The West

Mishap denies WA diver Games gold
WA's Maddison Keeney shows her disappointment following the 1m springboard event at Royal Commonwealth Pool in Edinburgh. Pic: Ian Munro

A shaky leg on the springboard has cost WA’s Maddison Keeney a gold medal at Glasgow 2014.

Keeney was in first place after three dives in the 1m competition and with two high degree of difficulty attempts to come she was well placed to win her first major international series.

However, the 18-year-old baulked in her approach to a forward three-and-a-half tuck, with a rating of 3.0, was penalised with a low score and eventually had to finish with a silver medal.

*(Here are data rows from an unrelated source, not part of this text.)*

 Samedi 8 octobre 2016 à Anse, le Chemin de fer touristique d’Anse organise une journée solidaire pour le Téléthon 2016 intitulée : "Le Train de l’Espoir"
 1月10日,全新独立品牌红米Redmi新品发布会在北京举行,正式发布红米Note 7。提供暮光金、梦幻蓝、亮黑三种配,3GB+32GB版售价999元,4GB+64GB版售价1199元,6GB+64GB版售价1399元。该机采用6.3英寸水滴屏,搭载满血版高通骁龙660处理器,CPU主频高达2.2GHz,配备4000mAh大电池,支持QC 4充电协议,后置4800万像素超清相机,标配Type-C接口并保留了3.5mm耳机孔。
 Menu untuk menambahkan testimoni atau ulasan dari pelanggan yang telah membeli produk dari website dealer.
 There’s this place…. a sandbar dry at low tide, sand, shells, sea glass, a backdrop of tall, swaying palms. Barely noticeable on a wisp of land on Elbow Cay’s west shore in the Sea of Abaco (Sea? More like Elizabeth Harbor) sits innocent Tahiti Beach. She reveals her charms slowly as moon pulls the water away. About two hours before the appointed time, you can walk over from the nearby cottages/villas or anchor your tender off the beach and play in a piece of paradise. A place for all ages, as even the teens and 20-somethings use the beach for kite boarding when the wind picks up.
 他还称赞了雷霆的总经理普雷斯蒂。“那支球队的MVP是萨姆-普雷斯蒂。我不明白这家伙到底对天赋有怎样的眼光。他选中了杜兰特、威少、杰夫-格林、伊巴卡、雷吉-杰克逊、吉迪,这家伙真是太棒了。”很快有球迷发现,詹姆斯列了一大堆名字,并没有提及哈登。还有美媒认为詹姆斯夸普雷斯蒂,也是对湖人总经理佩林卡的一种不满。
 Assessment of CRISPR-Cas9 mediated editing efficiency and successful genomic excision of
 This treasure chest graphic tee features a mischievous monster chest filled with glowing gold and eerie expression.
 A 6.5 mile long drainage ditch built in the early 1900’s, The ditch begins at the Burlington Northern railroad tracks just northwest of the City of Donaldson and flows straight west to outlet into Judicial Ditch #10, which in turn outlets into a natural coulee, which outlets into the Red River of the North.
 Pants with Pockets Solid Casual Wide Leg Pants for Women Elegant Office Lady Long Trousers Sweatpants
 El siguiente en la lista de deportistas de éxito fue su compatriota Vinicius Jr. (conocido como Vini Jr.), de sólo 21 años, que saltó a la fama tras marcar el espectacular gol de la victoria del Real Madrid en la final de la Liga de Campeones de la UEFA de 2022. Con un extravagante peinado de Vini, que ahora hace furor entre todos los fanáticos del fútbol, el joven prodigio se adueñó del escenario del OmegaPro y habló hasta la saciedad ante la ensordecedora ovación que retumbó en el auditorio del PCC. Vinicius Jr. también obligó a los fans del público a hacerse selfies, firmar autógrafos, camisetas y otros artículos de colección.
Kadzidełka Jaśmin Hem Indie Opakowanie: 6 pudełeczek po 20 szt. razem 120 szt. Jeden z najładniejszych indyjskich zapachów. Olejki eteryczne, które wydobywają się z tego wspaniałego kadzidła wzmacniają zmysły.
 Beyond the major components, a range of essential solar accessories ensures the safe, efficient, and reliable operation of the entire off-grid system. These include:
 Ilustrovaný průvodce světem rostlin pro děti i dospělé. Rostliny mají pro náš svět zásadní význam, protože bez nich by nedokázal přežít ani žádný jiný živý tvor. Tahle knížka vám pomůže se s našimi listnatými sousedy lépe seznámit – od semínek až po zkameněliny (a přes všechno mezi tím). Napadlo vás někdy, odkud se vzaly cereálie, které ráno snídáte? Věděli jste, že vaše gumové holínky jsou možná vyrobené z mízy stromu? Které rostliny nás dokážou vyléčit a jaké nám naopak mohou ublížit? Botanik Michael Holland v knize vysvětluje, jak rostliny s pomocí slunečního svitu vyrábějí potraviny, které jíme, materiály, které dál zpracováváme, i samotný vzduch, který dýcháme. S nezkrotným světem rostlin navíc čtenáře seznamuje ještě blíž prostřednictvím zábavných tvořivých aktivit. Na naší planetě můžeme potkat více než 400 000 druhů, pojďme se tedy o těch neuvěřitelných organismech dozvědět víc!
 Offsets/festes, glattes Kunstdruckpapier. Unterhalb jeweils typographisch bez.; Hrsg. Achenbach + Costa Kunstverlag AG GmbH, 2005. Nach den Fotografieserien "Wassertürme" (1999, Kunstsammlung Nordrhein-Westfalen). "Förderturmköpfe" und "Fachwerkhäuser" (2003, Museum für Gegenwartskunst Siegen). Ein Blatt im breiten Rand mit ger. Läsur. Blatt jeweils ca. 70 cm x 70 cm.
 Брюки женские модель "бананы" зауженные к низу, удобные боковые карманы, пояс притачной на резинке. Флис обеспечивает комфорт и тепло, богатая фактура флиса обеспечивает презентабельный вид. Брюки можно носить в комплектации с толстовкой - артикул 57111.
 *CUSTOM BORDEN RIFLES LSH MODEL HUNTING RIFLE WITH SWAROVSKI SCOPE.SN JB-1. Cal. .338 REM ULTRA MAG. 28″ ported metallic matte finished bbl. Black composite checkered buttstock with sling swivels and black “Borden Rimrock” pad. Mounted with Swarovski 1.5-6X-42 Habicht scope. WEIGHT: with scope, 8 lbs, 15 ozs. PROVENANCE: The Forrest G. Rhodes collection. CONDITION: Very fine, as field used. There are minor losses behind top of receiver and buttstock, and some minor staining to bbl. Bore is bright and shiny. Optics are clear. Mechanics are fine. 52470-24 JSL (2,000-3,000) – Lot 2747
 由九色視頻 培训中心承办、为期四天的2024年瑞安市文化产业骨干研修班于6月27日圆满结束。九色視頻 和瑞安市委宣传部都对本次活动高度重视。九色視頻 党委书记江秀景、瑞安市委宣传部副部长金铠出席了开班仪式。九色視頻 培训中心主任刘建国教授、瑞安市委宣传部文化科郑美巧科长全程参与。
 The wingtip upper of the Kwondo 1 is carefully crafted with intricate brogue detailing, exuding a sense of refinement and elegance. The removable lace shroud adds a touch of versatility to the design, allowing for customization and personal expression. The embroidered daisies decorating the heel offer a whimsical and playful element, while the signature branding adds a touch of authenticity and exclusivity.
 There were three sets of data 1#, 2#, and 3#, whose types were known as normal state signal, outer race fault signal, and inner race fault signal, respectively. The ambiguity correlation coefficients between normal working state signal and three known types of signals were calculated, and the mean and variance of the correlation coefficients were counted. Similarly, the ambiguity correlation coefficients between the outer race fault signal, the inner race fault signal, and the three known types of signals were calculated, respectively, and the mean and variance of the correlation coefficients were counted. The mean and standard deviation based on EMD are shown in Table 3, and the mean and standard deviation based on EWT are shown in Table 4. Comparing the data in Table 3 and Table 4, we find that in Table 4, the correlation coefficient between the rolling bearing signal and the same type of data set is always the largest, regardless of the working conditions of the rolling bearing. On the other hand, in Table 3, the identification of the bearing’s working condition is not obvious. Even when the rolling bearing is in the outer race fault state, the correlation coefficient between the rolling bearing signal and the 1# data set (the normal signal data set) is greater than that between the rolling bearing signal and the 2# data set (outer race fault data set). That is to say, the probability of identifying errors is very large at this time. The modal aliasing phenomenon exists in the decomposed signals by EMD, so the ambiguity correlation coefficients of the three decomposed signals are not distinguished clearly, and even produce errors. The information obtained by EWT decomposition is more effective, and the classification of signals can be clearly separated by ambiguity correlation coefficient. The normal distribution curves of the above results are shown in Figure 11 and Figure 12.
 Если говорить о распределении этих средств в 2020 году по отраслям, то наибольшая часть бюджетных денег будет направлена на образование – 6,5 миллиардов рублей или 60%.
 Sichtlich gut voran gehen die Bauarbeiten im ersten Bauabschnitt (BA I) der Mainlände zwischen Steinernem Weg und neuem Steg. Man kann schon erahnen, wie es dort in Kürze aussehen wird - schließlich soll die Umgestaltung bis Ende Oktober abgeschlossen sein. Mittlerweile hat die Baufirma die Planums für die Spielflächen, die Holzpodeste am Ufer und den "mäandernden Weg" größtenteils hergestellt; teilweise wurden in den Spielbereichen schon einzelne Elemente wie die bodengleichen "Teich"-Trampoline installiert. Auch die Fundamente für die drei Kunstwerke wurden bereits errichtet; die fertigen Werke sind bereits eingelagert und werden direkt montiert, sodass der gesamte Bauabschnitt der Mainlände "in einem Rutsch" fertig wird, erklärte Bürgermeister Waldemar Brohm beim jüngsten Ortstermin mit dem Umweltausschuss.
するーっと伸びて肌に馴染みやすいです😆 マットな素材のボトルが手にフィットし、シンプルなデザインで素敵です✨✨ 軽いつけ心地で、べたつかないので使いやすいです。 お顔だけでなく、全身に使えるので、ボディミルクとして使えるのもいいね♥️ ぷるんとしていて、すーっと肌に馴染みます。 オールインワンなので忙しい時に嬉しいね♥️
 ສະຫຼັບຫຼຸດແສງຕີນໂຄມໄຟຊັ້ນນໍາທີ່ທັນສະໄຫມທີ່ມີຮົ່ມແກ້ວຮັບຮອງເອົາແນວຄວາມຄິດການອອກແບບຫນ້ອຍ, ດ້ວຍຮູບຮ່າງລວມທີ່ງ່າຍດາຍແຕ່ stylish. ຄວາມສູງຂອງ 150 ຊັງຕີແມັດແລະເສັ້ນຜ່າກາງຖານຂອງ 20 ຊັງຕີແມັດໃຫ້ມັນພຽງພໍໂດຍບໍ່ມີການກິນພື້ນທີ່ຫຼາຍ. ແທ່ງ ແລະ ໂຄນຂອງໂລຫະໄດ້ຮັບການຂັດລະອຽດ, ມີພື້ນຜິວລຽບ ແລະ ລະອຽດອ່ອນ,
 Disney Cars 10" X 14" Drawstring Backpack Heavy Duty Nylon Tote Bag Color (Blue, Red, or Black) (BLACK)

Canadian Jennifer Abel won the event with 287.25 points, Keeney scored 281.95 points while fellow Australian Esther Qin was third on 278.65 points.

Another positive result for the green and gold army at the Royal Commonwealth Pool in Edinburgh was the fourth placing for recently turned 15-year-old Georgia Sheehan. She missed the bronze medal by 0.05 points in her first major open series.

Keeney had a mixed start but took the No.1 placing with an inward two-and-a-half somersault with tuck that scored 69.75 points, including an 8.5 from one judge. She held a 5.2-point advantage before her mishap.

“It is always good to come away with a medal but I’m a bit disappointed I didn’t end up with gold,” said Keeney, who was clearly upset after her final dive. “That is what I was aiming for.

“My legs buckled because I was nervous and then I had to refocus after that and try to do it. If I hadn’t baulked things might have been different.

“What’s done is done and I just have to go back and focus on my (3m springboard) competition tomorrow.”

Keeney, who was a bronze medallist in the 3m synchronised event with Anabelle Smith on Wednesday, had qualified third for the final.

The student at the Australian Institute of Sport diving program in Brisbane has produced sores in excess of 300 point for her routines and was confident she could replicate the form at the Commonwealth Games.

“I have been working on my list for a while now and I know I have got the potential to do these dives much better than I have,” Keeney said.

“They have been pretty good in training and I came in here confident but it just didn’t happen in the end.